== DESCRIPTION OF THE TASK ==
In the entries below, find the line with "A 12’ glass" and the line with "3 min walk to pool! | Pool, Spa, Gym, Tennis! is", then retype both and everything between them exactly. Do not copy the pictures.

== SUPPLIED MATERIAL ==

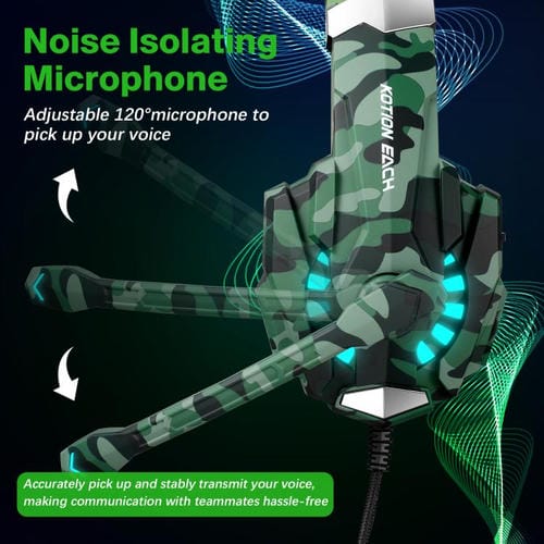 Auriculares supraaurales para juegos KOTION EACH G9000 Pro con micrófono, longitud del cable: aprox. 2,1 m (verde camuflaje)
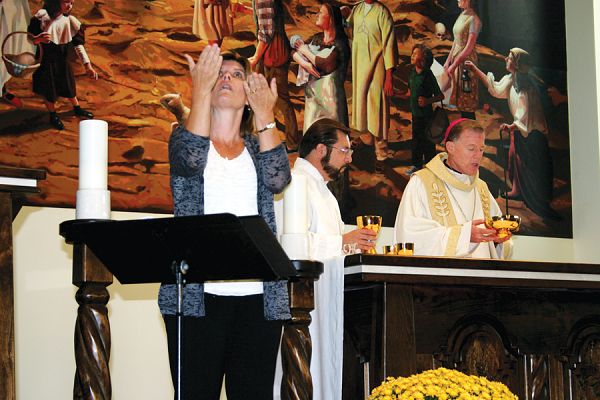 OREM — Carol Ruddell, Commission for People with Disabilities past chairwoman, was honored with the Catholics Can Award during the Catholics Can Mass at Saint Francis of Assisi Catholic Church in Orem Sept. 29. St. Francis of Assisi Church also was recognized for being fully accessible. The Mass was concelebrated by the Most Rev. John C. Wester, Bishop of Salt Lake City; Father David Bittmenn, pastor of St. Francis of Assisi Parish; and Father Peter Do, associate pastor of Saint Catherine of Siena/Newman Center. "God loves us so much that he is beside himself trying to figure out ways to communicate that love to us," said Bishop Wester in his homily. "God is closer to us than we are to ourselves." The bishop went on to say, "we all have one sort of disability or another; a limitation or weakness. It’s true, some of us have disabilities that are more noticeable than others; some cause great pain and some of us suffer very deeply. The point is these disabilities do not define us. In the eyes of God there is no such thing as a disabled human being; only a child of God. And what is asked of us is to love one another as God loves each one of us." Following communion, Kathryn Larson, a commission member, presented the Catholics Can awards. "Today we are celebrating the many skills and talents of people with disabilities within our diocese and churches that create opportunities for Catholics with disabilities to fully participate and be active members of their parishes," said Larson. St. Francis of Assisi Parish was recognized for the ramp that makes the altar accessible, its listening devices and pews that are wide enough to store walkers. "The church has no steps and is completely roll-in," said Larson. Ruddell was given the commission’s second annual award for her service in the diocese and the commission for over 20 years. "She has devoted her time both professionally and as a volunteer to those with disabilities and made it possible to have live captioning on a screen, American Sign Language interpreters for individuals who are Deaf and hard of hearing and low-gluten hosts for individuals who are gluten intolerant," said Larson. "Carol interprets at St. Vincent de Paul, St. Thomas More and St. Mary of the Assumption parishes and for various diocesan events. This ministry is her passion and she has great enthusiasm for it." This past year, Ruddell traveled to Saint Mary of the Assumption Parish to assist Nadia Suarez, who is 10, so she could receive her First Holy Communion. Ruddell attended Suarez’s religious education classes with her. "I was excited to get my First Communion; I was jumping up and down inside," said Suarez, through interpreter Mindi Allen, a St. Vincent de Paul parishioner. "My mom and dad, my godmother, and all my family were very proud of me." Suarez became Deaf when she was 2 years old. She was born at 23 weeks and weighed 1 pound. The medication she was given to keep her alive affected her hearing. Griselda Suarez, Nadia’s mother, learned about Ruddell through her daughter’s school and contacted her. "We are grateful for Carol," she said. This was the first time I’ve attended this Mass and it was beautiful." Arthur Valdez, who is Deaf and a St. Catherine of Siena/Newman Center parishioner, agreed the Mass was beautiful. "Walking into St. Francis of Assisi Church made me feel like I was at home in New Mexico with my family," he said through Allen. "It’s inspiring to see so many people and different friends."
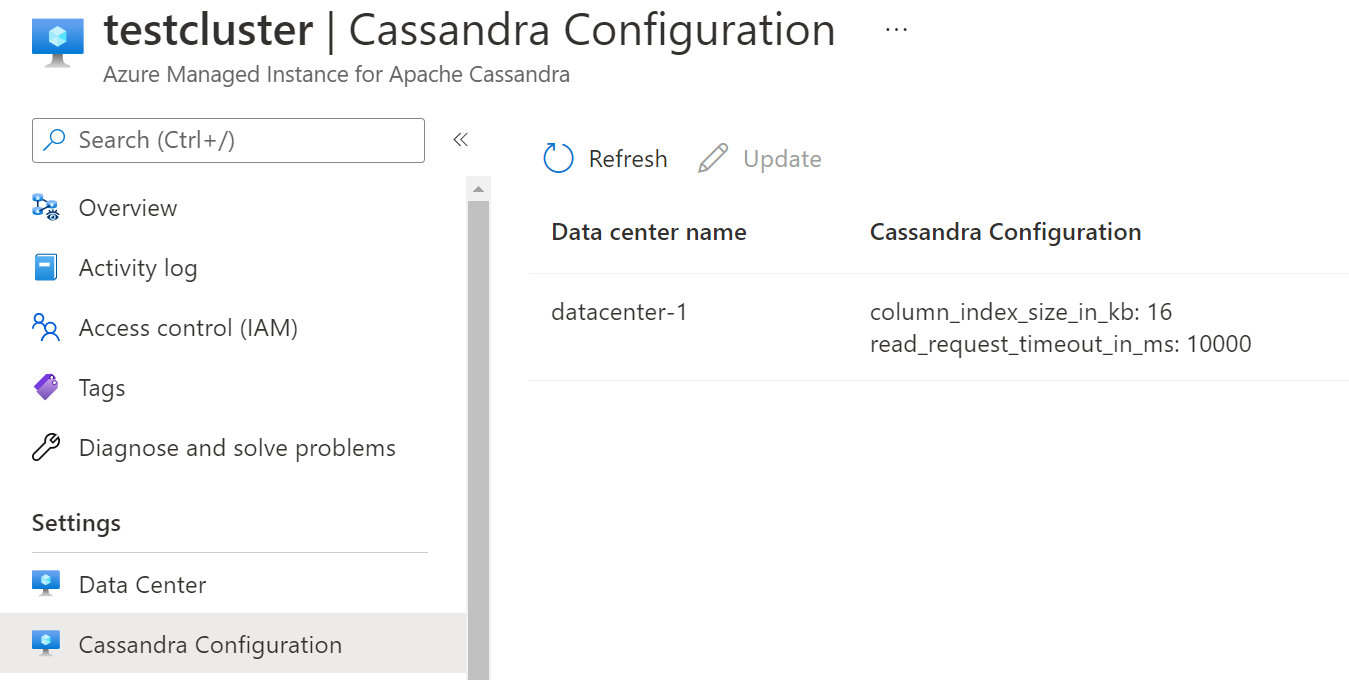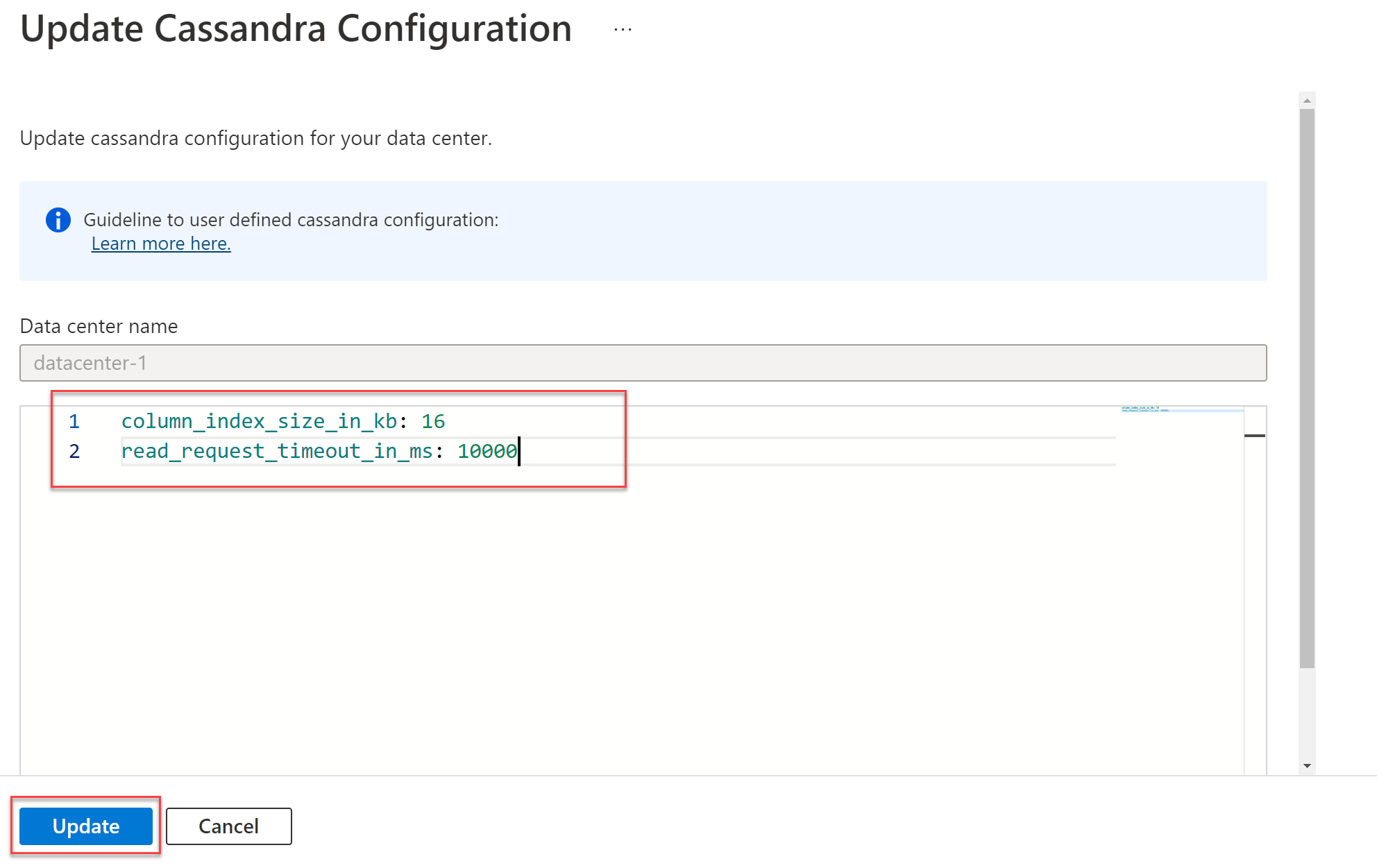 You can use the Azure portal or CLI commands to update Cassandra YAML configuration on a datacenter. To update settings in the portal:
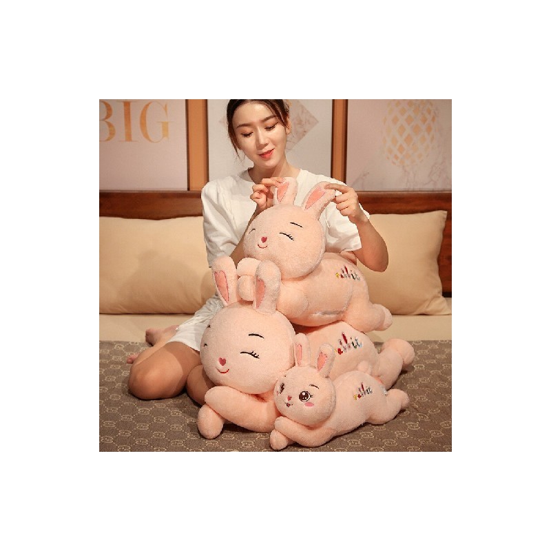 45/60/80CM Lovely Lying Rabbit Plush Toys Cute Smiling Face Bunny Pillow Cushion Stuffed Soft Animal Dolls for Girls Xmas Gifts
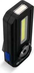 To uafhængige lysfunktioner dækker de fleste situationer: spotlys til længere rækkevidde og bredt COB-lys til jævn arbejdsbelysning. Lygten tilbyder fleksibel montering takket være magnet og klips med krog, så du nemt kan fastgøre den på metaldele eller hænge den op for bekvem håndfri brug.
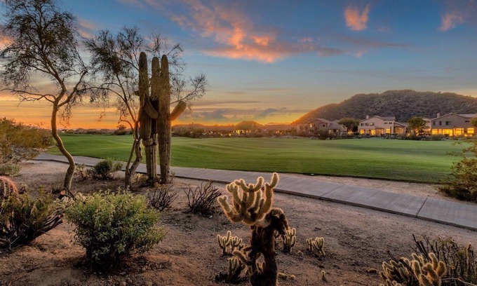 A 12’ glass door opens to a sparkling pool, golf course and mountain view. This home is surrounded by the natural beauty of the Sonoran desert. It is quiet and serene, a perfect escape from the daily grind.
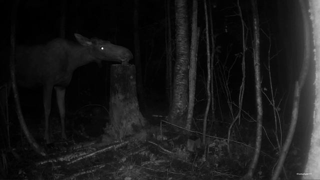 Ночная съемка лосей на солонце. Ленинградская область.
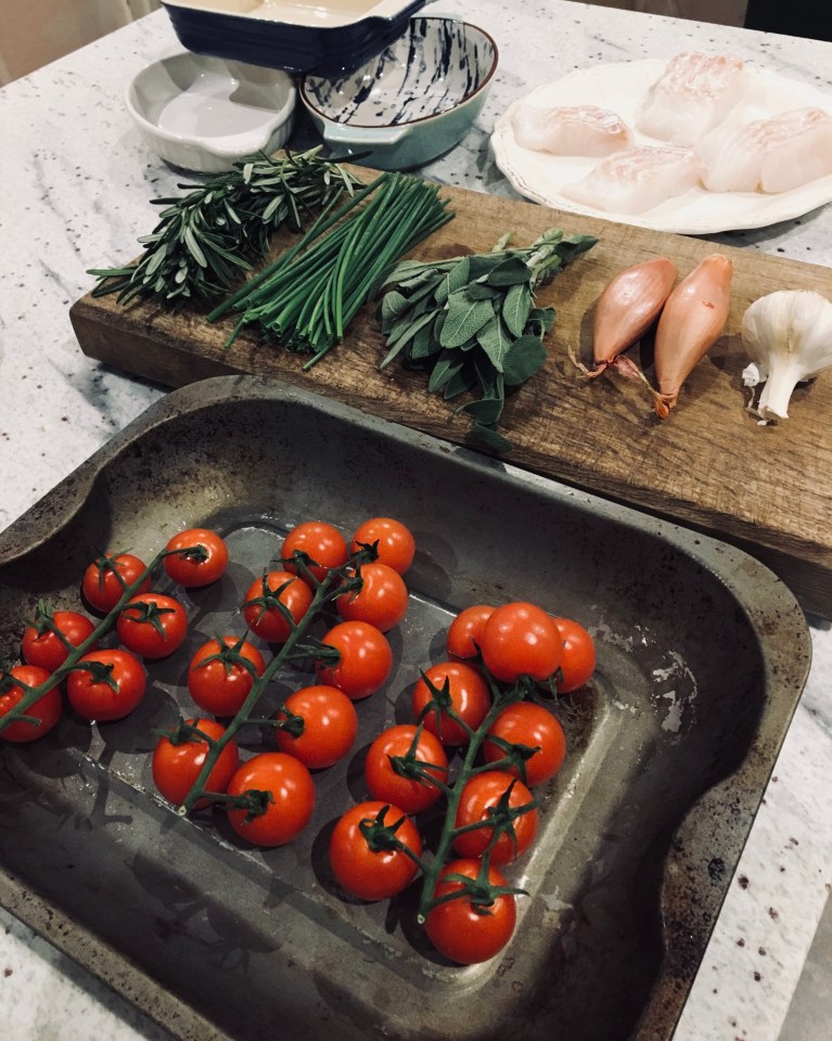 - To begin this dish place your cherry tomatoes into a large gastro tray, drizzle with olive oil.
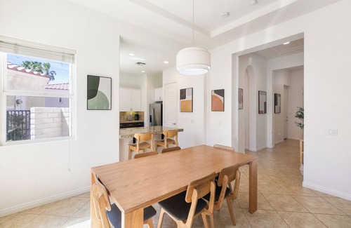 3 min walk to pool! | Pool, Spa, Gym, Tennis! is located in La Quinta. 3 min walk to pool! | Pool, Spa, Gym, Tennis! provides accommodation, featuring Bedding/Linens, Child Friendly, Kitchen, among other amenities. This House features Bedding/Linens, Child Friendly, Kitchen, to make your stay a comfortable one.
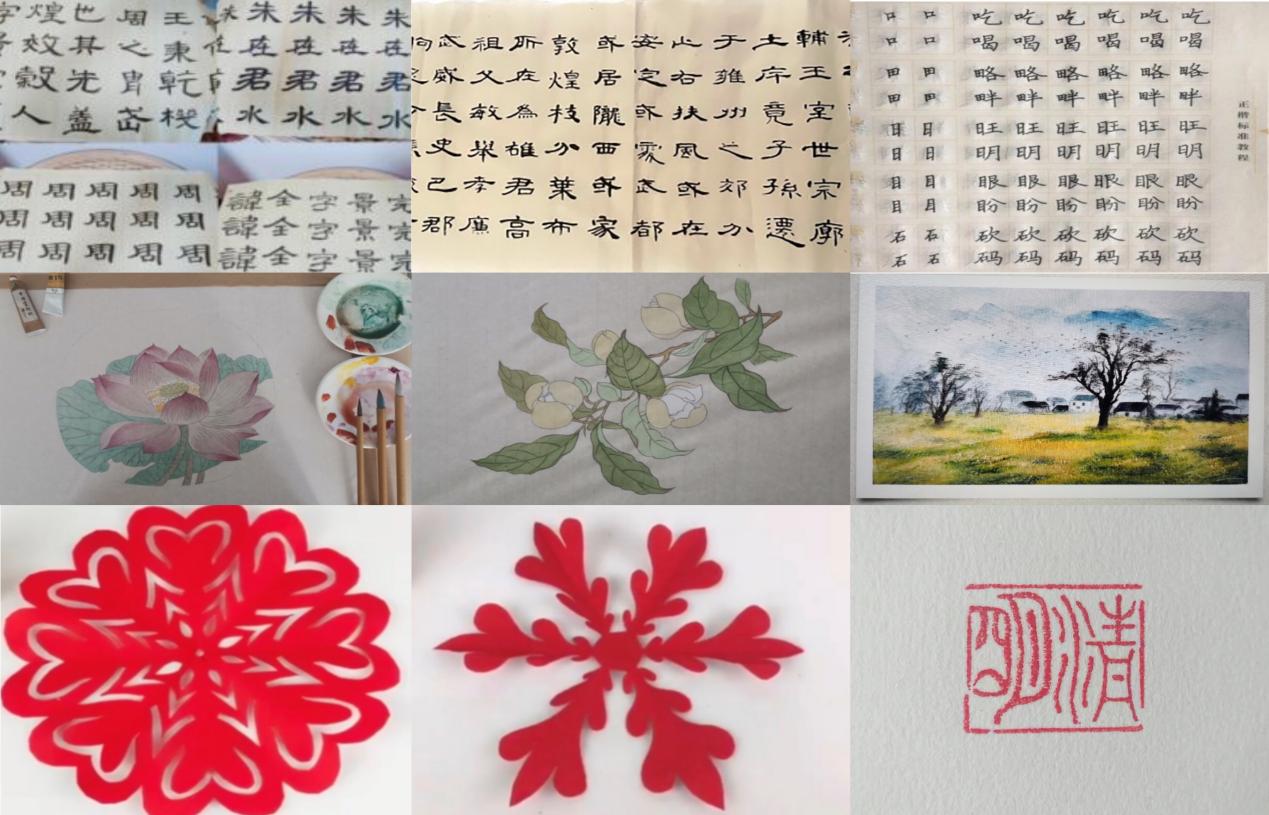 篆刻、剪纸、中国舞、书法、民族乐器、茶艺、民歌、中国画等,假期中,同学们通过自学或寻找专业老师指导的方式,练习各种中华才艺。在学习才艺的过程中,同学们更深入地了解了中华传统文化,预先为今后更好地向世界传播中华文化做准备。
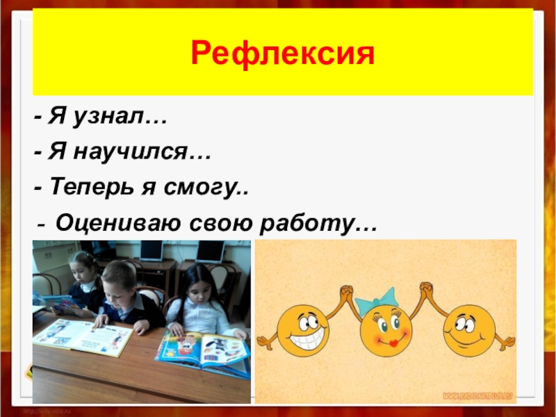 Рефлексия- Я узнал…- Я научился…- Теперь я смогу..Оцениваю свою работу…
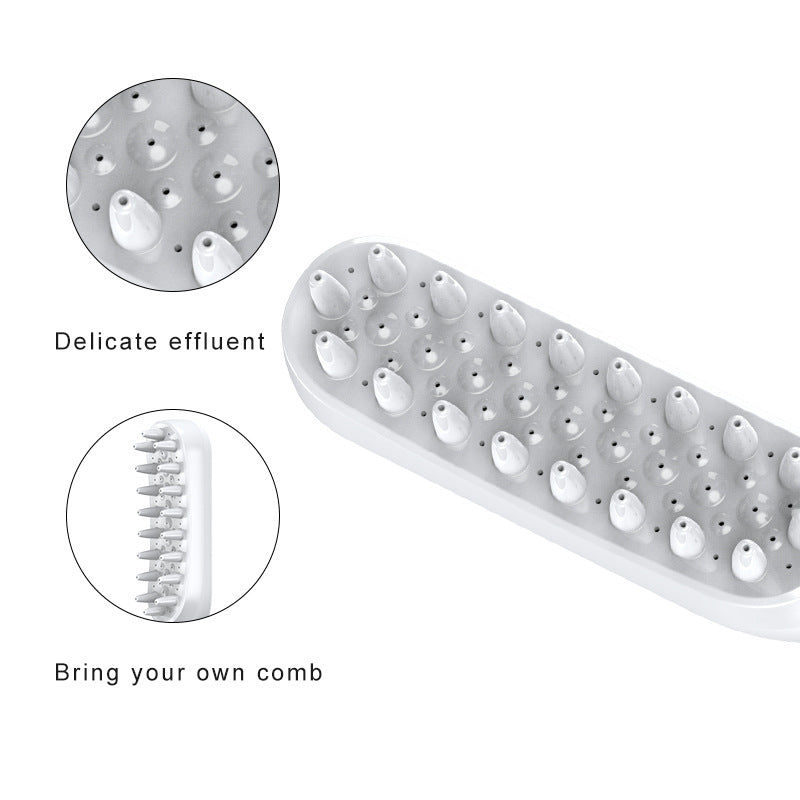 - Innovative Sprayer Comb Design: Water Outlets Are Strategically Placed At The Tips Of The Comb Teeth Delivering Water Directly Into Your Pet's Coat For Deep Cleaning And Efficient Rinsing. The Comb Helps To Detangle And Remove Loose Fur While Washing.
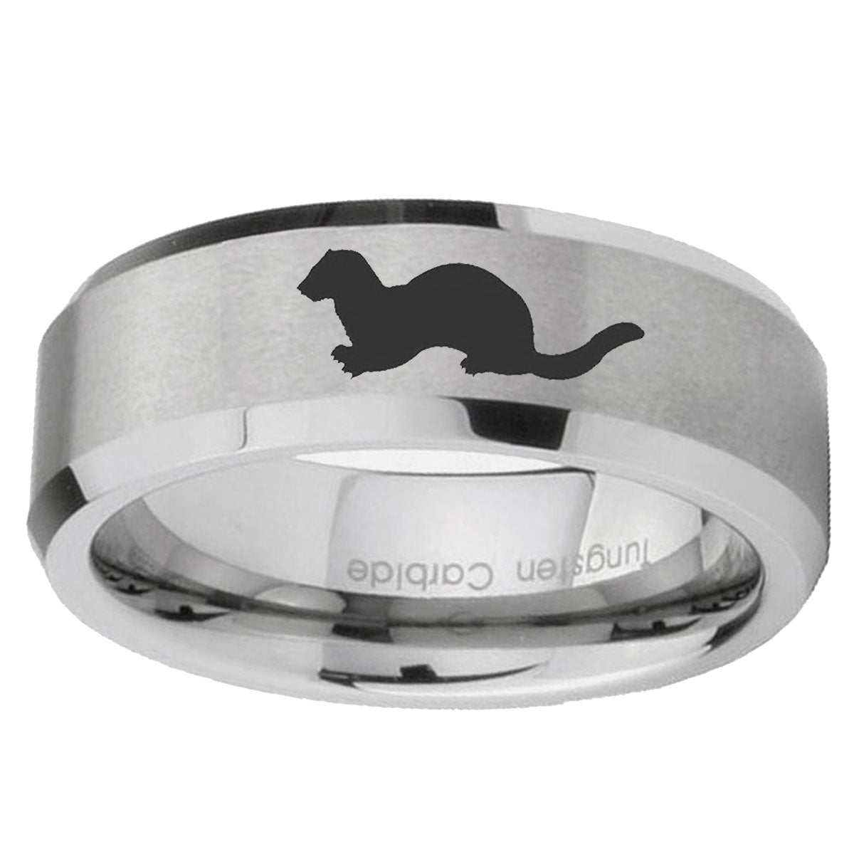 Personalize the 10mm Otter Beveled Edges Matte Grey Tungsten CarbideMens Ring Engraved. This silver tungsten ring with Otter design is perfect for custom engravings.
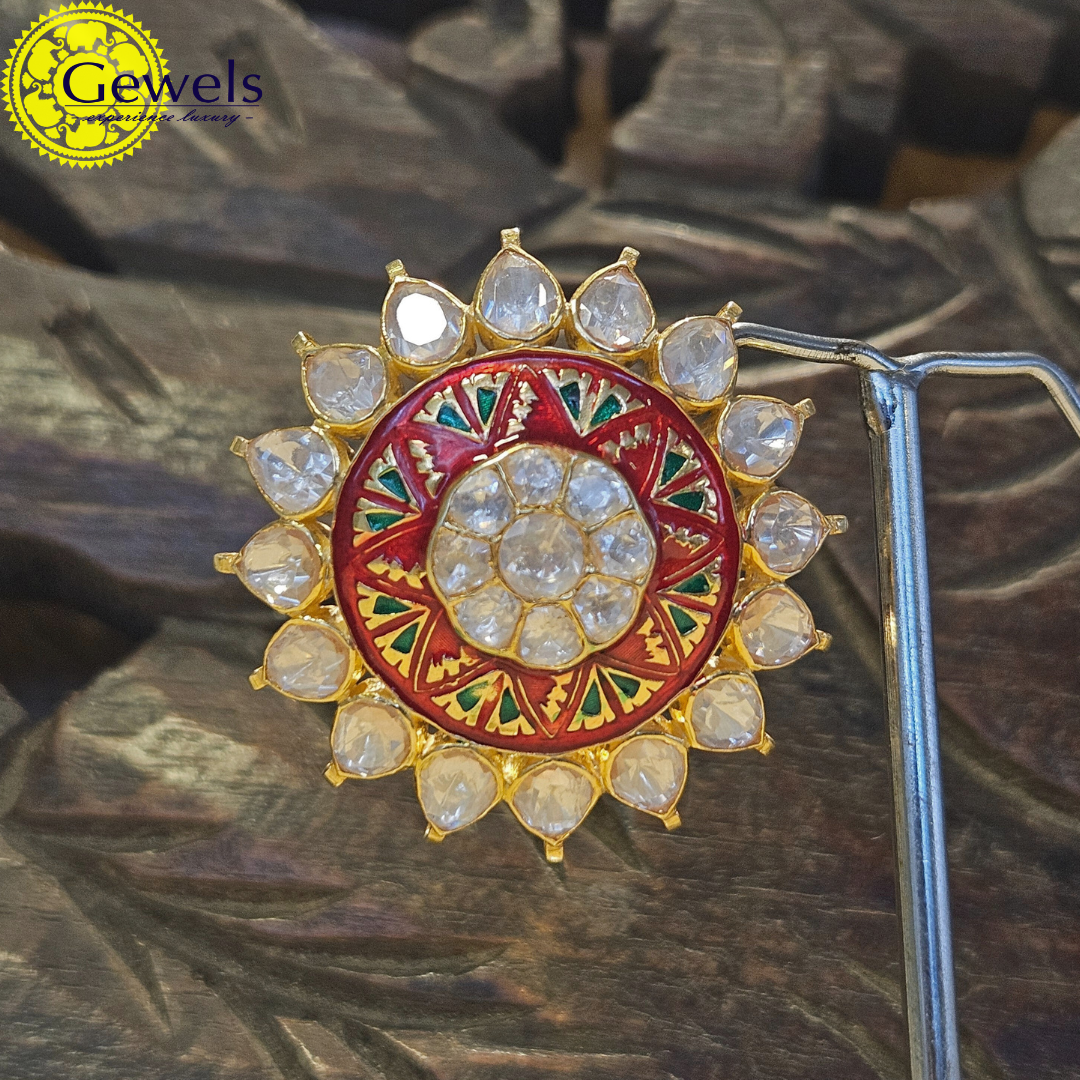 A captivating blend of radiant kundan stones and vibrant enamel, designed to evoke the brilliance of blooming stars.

== SOLUTION BELOW ==
 A 12’ glass door opens to a sparkling pool, golf course and mountain view. This home is surrounded by the natural beauty of the Sonoran desert. It is quiet and serene, a perfect escape from the daily grind.
 Ночная съемка лосей на солонце. Ленинградская область.
 - To begin this dish place your cherry tomatoes into a large gastro tray, drizzle with olive oil.
 3 min walk to pool! | Pool, Spa, Gym, Tennis! is located in La Quinta. 3 min walk to pool! | Pool, Spa, Gym, Tennis! provides accommodation, featuring Bedding/Linens, Child Friendly, Kitchen, among other amenities. This House features Bedding/Linens, Child Friendly, Kitchen, to make your stay a comfortable one.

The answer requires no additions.